L'auteur est très populaire sur les campus américains, encore plus que mon écrivain préféré, Roberto Bolaño. Bret Easton Ellis, que je critique souvent sévèrement, disait que David Foster Wallace était à la recherche d'une grandeur qu'il ne pouvait tout simplement pas atteindre. Ce premier roman semble lui donner raison, moi qui n'ai jamais lu ses autres livres, comme je vous le disais plus haut. Je crois que Wallace essaie de compliquer inutilement un sujet (et une intrigue) simple, et cela devient moins intéressant que son idée de départ. Ses longues phrases labyrinthiques ajoutent un élément déstabilisant mais le vocabulaire et le style qui en découle ne fait vibrer aucunement notre sensibilité.
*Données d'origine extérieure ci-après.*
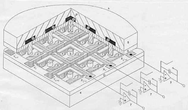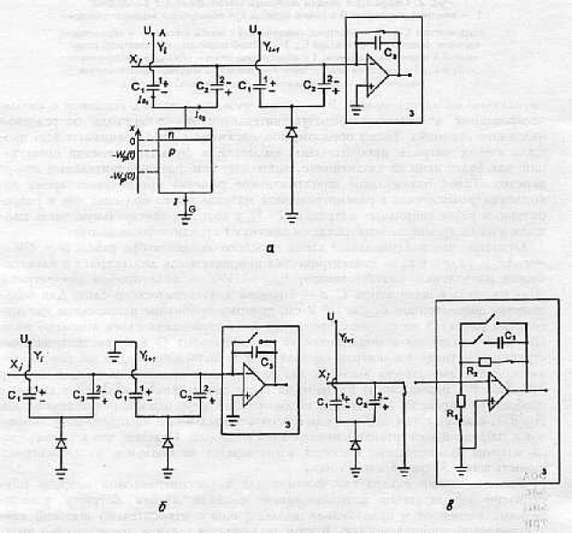 Итак, каждая ячейка предложенной нами фокальной матрицы состоит из одного фоточувствительного р-n-перехода и двух емкостей. Структура соединения фоточувствительных р-n-переходов и накопительных ячеек в рассматриваемой матрице показана на рис. 1 и рис. 3. Все электроды 1 каждого из столбцов матрицы накопительных элементов соединены между собой узкими проводящими перемычками (шинами) Yi, а все электроды 2 каждой из строк этой матрицы соединены между собой шинами Хj, изолированными от шин Yi. Каждая из шин Хj соединена с инвертирующим входом соответствующего операционного усилителя (ОУ), который работает в режиме усилителя заряда и поддерживает напряжение, близкое к нулю на каждой шине Хj. Слой полупроводника р-типа, выполняющий роль подложки матрицы фоточувствительных n+-р-переходов, заземлен, т. е. на нем поддерживается напряжение, равное нулю. Конденсатор С2 фактически соединен параллельно с n+-р-переходом, так как на подложке матрицы фоточувствительных n+-р-переходов поддерживается напряжение, равное нулю, а электрод 2 соединен с виртуальным нулем на входе операционного усилителя (см. рис. 3).

Il a tous les défauts d'un premier roman : le désir d'imiter (surtout Pynchon), l'intrigue qui manque de subtilité, il "dit" au lieu de "décrire" et ainsi, les ficelles deviennent envahissantes. Je ne suis pas surpris que ce soit surtout les jeunes universitaires qui aiment Wallace parce que sa prose est à mille lieues des classiques, sans poésie, avec une esthétique contemporaine, ce qui n'est pas une qualité à mes yeux. Cela devient simpliste et non travaillé.
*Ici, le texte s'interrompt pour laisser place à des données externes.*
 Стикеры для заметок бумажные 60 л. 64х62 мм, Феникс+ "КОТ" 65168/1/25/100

Finalement, même si les écrivains préférés de David Foster Wallace sont Don DeLillo et Cormac McCarthy, je le rapproche beaucoup plus de Thomas Pynchon, un autre écrivain qui me donne de la difficulté bien que je reconnaisse son immense talent contrairement à Wallace. Harold Bloom, mon idole, dit que Wallace est incapable de penser et donc, qu'il n'est pas capable d'écrire. Il dit même que Stephen King, qu'il déteste aussi, est un Cervantes si on le compare à Wallace. Un jugement d'une extrême sévérité que je m'attendais à réfuter en lisant Wallace. Malheureusement, "La fonction du balai" prouve plutôt ses dires.

2 commentaires:

  1. J'aime beaucoup David Foster Wallace mais je ne vais pas t'insulter :-) Je n'ai pas lu la fonction du balai : j'ai commencé avec Infinite Jest, un pavé complexe qui permet à DFW d'expérimenter en matière d'écriture. J'ai aussi lu un recueil d'articles (Consider the lobster) qu'il avait écrit pour différents magazines. Ses articles sont beaucoup plus accessibles mais on y retrouve ce qui fait que la patte de Wallace est intéressante : des digressions à n'en plus finir pour élargir le sujet initial, une pensée complexe mais toujours pertinente...
    Ce qui me surprend le plus dans ce que tu écris c'est le vocabulaire pauvre de l'auteur alors qu'il est très riche, voire très littéraire dans ce que j'ai pu lire de lui.
    J'aime bien les ponts que tu fais avec De Lillo que j'aime beaucoup aussi et Pynchon que j'ai lu une fois et peu apprécié. J'ai encore quelques livres de De Lille qui m'attendent à la maison mais ta note me donne envie de me replonger dans les autres écrits de David Foster Wallace et de retenter l'expérience avec Pynchon.

    RépondreEffacer
  2. Salut,

    pour le vocabulaire, c'est peut-être parce qu'il est seulement son premier roman, je crois qu'il était très jeune lorsqu'il a écrit ce roman. Je viens de me commander Le roi pâle et je vais probablement le lire cette année, et pour Infinite Jest j'attends la traduction. Bref, je donne toujours plusieurs chances à un écrivain pour voir si je l'aime ou pas.